DATA PROVIDED:
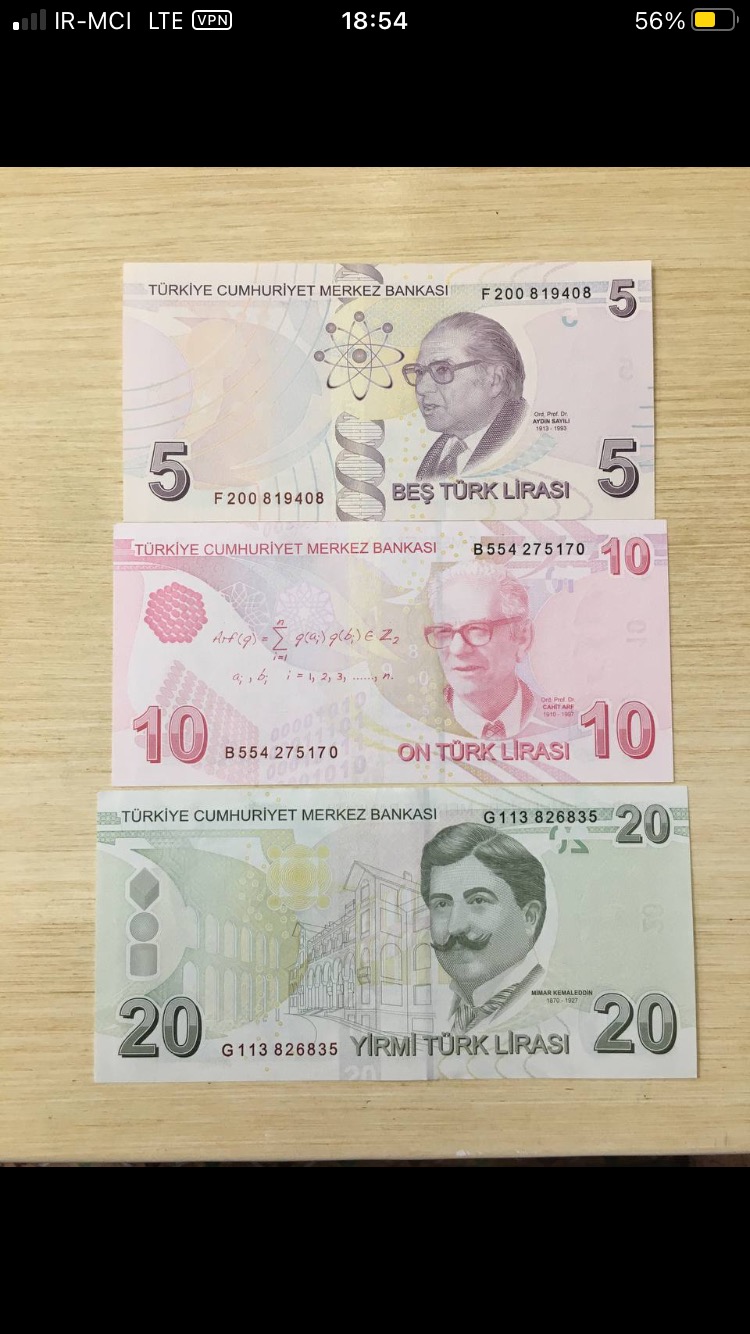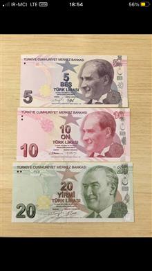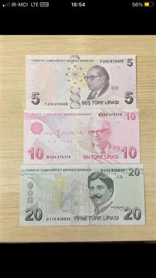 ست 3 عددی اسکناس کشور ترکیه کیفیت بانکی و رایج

==

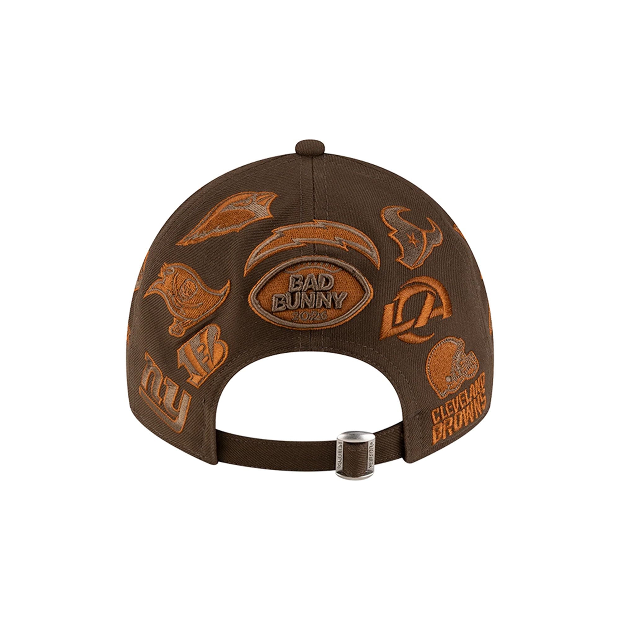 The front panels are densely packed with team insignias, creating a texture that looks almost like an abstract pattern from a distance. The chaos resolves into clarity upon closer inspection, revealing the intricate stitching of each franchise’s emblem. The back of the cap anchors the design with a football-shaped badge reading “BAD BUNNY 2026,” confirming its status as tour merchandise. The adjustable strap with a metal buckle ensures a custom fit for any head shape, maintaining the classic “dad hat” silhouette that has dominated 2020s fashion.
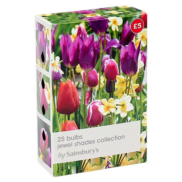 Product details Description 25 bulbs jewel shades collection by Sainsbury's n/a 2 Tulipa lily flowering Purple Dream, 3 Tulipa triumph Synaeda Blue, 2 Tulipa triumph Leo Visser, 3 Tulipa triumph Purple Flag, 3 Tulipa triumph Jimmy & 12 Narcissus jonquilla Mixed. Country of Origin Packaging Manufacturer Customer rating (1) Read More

EXERCISE AIM: Beginning with the line above that has "The front panels" and going on through the line that has "Product details Description", retype every line exactly and add nothing else; drop the pictures.

TASK SOLUTION:
 The front panels are densely packed with team insignias, creating a texture that looks almost like an abstract pattern from a distance. The chaos resolves into clarity upon closer inspection, revealing the intricate stitching of each franchise’s emblem. The back of the cap anchors the design with a football-shaped badge reading “BAD BUNNY 2026,” confirming its status as tour merchandise. The adjustable strap with a metal buckle ensures a custom fit for any head shape, maintaining the classic “dad hat” silhouette that has dominated 2020s fashion.
 Product details Description 25 bulbs jewel shades collection by Sainsbury's n/a 2 Tulipa lily flowering Purple Dream, 3 Tulipa triumph Synaeda Blue, 2 Tulipa triumph Leo Visser, 3 Tulipa triumph Purple Flag, 3 Tulipa triumph Jimmy & 12 Narcissus jonquilla Mixed. Country of Origin Packaging Manufacturer Customer rating (1) Read More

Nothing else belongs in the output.